29 December 2013

Dinner 02.12.13

As soon as I touched Swedish soil my dear friend G sent me a text suggesting that we should have a dinner together at his place with his wife P. It didn't take many seconds before I accepted the invitation.
Mr G is not only a dear friend but he is also a true wine lover like me and is now the owner of a small wine import firm called www.bristly.se
We started off in his kitchen sipping on a bottle of Brut Blanc de Blancs Grand Cru from the Champagne house Pierre Moncuit. A nice, fresh start with citrus notes and a pleasant touch of honey at the end.

I had decided to bring a starter and we were all happy with the result; pan-seared scallop with cauliflower puree served with a rich jus made of homemade beef stock, sherry vinegar and soy.
Because of the natural sweetness of the scallop and the cauliflower I served a bottle of 2011 Saarburg Rausch Riesling Spätlese from Weingut Forstmeister Geltz Zilliken in Mosel, Germany. It ended up being a bit too sweet and rich for the dish. Well you cannot always be spot on.

Now it was time for a "wine in between" while the barbecue was heating up. Who said you can't have a barbecue in December in Sweden?  

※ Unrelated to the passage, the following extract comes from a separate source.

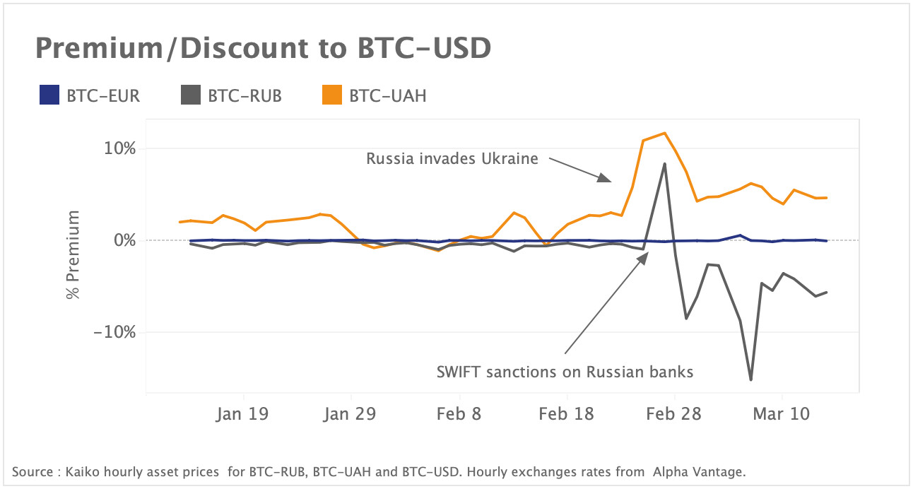 Bitcoin (BTC) wird auf den Märkten für ukrainische Griwna (UAH) weiterhin mit einem Aufschlag gehandelt, während auf den Märkten für russische Rubel (RUB) ein starker Abschlag zu verzeichnen ist. Die Prämie (oder der Abschlag) für den Kauf von Bitcoin mit einer Fiat-Währung wird anhand der Differenz zwischen dem BTC-Preis auf den lokalen Märkten (umgerechnet in US-Dollar unter Verwendung von Fiat-Wechselkursen) und dem Bitcoin-Preis auf den USD-Märkten berechnet. Der starke Abschlag, der auf den russischen Märkten zu beobachten ist, könnte das Ergebnis eines starken Verkaufsdrucks sein, da die Russen versuchen, ihre Kryptowährungen wegen der Gefahr von Sanktionen zu liquidieren. Zentralisierte Krypto-Börsen haben sich bisher an die offiziellen Sanktionen gegen Russland gehalten, indem sie Zahlungen von sanktionierten russischen Banken gestoppt und Konten eingeschränkt haben.

2007 Bonnes-Mares Grand Cru from Olivier Bernstein ended up being our beverage while waiting. A massive, rich, meaty and herbaceous style of Pinot Noir full of cherry and licorice flavors. A very unique style of red Burgundy I must say. Olivier Bernstein used to be a student of the legendary Henry Jayer before he started his négociant firm only buying fruit from the oldest vines possible in Grand Cru and Premier Cru soil.

Now a big pile of grilled flank of beef was on the table with a thick sauce béarnaise. Apart from the bottle of Riesling I also had brought a bottle of 2004 Messorio from Le Macchiole in Bolgheri, Tuscany, Italy.
What an amazing wine. Just perfectly balanced acidity, tannins and fruit followed by a long, long finish and not at all a massive blockbuster but rather elegant with mineral, black currant and almond liqueur on the palate. I believe that the wine was at a perfect stage now to drink and I'm not far behind James Suckling who gave this vintage a perfect 100 points in Wine Spectator when the wine was released. Both I and G discussed how happy we are that these kind of wines are so "un-trendy" at the moment, especially in Sweden where Burgundy seems to be the only wine you can drink unless you want to be considered as an uneducated geek. This means more of these fantastic wines for geeks like us, fantastic.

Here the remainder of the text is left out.